Life is like a road trip, except you don’t know where you’re going
February 12, 2021
COVID canceled my plans, so I made new ones.
I am often one to get caught up in the “what could’ve been.” I frequently find myself imagining the many different roads my life could have taken. But then I remind myself this is where the car is headed, and it’s too late to turn around.
The past year has brought on so much sadness. We’ve all experienced loss. We’ve all experienced loneliness. We’ve all sat there in fear as the numbers crawled up and up and up… And as time ticked by, we’ve all realized that we weren’t getting it back.
I’m lucky to be young, healthy and to have many years ahead of me to do all the things I can’t right now. But those years won’t be in college. I’m graduating in May, and, short of a miracle, there’s no chance of having a “normal” last semester.
In addition to all the heartbreak COVID has brought, it took away a year and a half of my college experience. A year and a half of life in College Station that I will never experience. I had big plans for that year and half; but those plans are no longer possible.
There was a period of time at the beginning of the pandemic where I felt very lost. I did not know what to do with myself aside from wait for things to return to what I knew as “normal.” But then I realized there is one upside to living through a pandemic.
COVID forced us to adapt. We moved online. Because Zoom meetings became the new coffee date, I reconnected with friends across the country. In isolation, I turned to introspection and learned more about myself and who I want to be. Even clubs and college organizations moved online. I attended a virtual student org social this week. But this new digital lifestyle also allowed me to embark on a new adventure. I decided to spend my last semester in Austin to intern with KXAN.

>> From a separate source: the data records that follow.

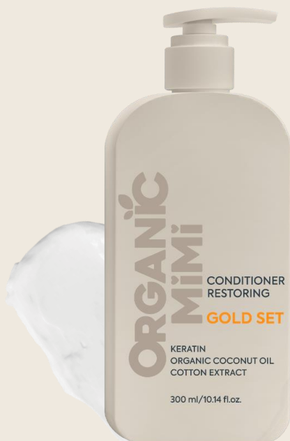
RESTORING CONDITIONER GOLD SET, 300 ml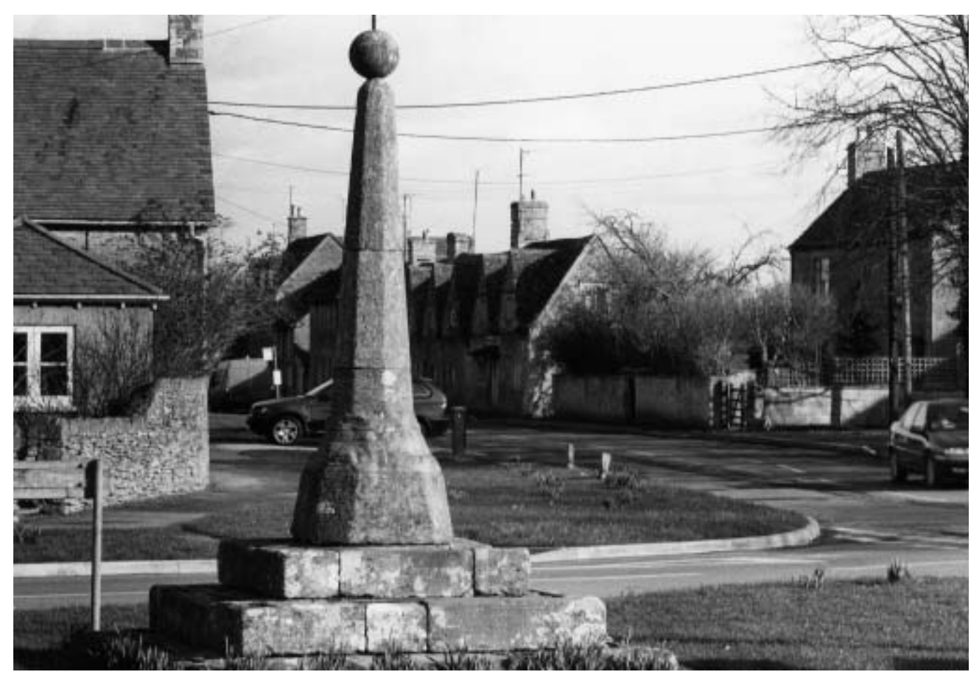
The medieval cross stands at the centre of the village, and acts both as a landmark aiding orientation, and a tangible reminder of South Cerney's long history.

South Cerney Conservation Area was first designated on 4 November 1970, and the boundary was altered on 23 May 1990, 29 July 1993 and 15 June 1999.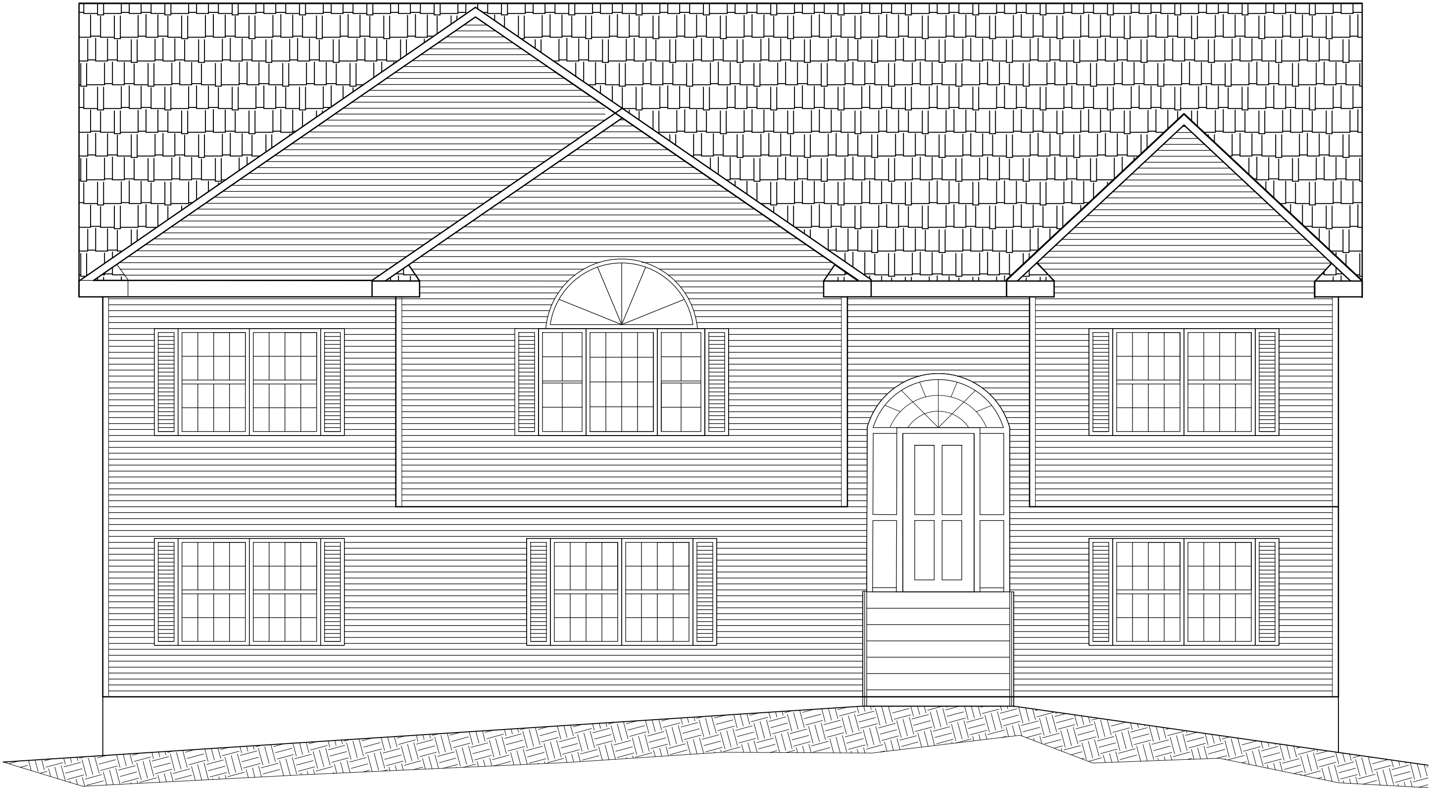
1 Front Elevation SCALE 1/8" = 1'-0"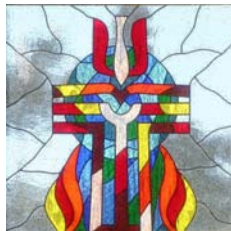
Stained glass PCUSA symbol located in the window of the Tahoe Center dining hall at Zephyr Point

Visit www.apcenet.org for a list of current APCE cabinet members.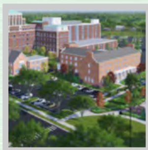
$34.5MM Adaptive Reuse Aurora, IL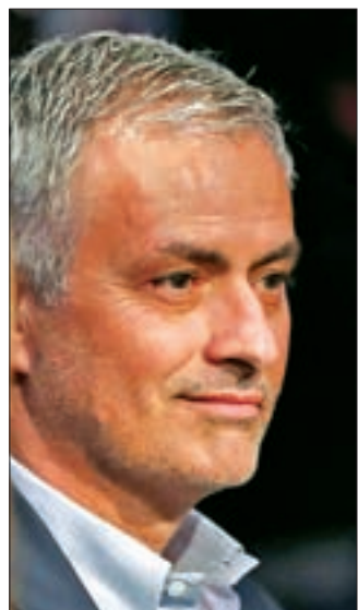
Former Chelsea manager Jose Mourinho.

LONDON — Jose Mourinho's next managerial role has been revealed with the Portuguese leading 'England' against Claudio Ranieri's 'Rest of the World' side as the former Chelsea bosses clash at Old Trafford on 5 June in a charity match for UNICEF.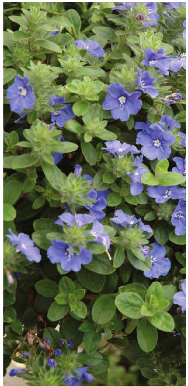
Evolvulus Blue My Mind

The Dallas Arboretum Trial Program takes data on 7,000-plus annuals, perennials, woodies, grasses and trees each year, looking for the toughest of the tough. North Texas is a brutal climate that can swing from one extreme to another; six months of drought is usually followed by a month of flooding. Many of the arboretum's trials focus on heat tolerance and ability to withstand low water requirements, because Texas is experiencing water restrictions like other states. We highlight some great drought-tolerant contenders here.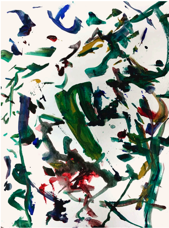
Painting created by a Twelveacres resident

Forwarding and Return Postage Guaranteed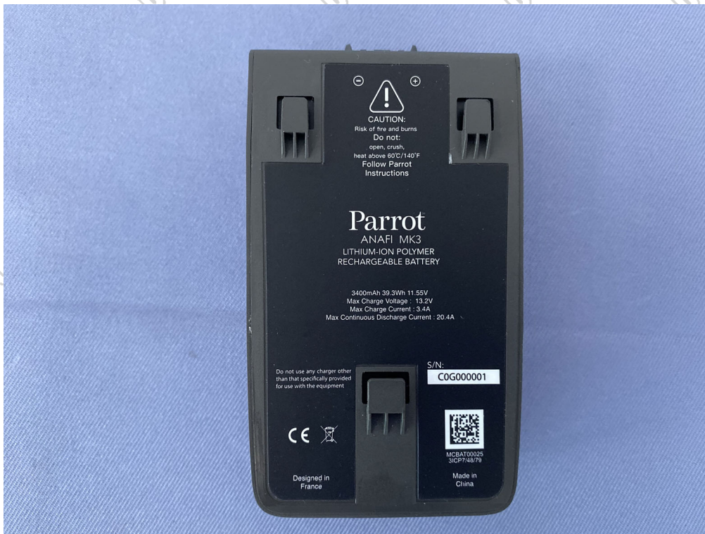
Figure 4 Battery Label (电池标签)

The last time I moved was the rushed transition from my college apartment to my parents’ house in an attempt to escape the oncoming terrors of the pandemic. I vividly remember packing up my things, not knowing how long I would be gone, never guessing it would be a permanent move. That trip home was the first time I stopped at a gas station and wondered how many germs were on the gas pump. I’ve had that thought every time I’ve gone to a gas station since, a side effect of living though a pandemic I may never get over.
This recent move was much less stressful, though still unexpected and usual. I wore a mask to tour apartments. I signed lease papers while separated from the apartment office worker by plexiglass. When I moved, my mom couldn’t take a day off work to help because there aren’t enough substitute teachers to go around.
Though I’ve done semesters off-campus and internships before, every part of this semester is different from semesters past. Despite the Aggie-lore I’ve heard, I was welcomed to Austin with open arms (and masked faces). A lot of my work is done from my apartment, and the times I do get to join KXAN reporters in the field are still from a safe distance. Yet, I’m still so refreshed by being in a new city. I learned about a year ago not to guess what the future holds, but I’m still very excited for this semester.
I never would have expected a pandemic to move my classes online which would allow me to move to a new city and complete my degree remotely. This past year has been full of unexpected twists and turns. This next year is sure to be an eventful one as well. For now, I’m just going to mask-up and enjoy the ride.